- Location: Carbon County, Montana
- Coordinates: 45°26′38″N 109°13′19″W﻿ / ﻿45.44389°N 109.22194°W
- Lake type: Reservoir
- Primary inflows: Red Lodge Creek, Willow Creek, Chapman Creek
- Primary outflows: Red Lodge Creek
- Basin countries: United States
- Max. length: 2.3 miles (3.7 km)
- Max. width: 1.1 miles (1.8 km)
- Surface area: 1,078 acres (436 ha)
- Water volume: 28,230 acre-feet (34,820,000 m^{3})
- Surface elevation: 4,222 feet (1,287 m)

= Cooney Dam =

Dam in Montana, United States

Cooney Dam is a dam in Carbon County, Montana, that creates Cooney Reservoir.

The earthen dam was constructed in 1937 by the State of Montana, with a height of 97 ft, and a length of 2260 ft at its crest. It impounds Red Lodge Creek for irrigation water storage. The dam is owned and operated by the Montana Department of Natural Resources and Conservation.

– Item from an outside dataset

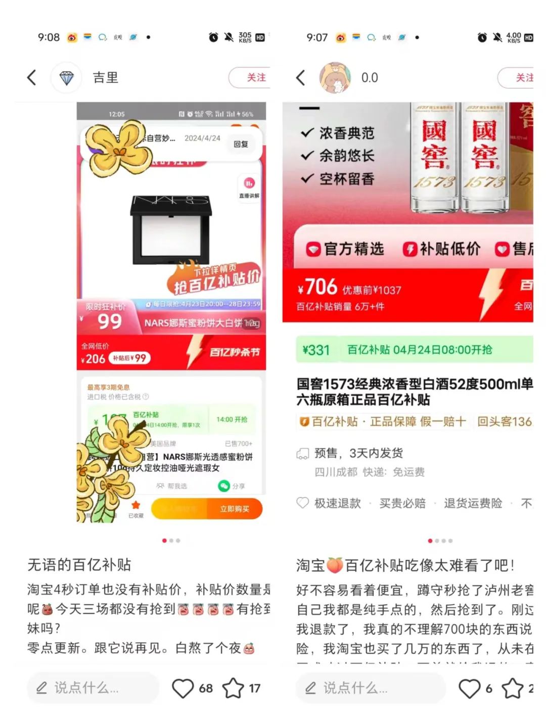 不過(guò)更大的優(yōu)惠力度,并沒(méi)有像之前的百億補(bǔ)貼一樣收獲全網(wǎng)好評(píng),反而有部分消費(fèi)者開(kāi)始在社交媒體上吐槽起“不好搶”“搶到了主動(dòng)發(fā)起退款”等糟糕體驗(yàn)。

The reservoir it creates, Cooney Reservoir, has a normal water surface of 1.3 mi2, a maximum storage capacity of 24195 acre feet, and a normal capacity of 14000 acre feet. Recreation includes boating, camping, hiking, and fishing for walleye and rainbow trout. The state maintains the adjacent Cooney State Park.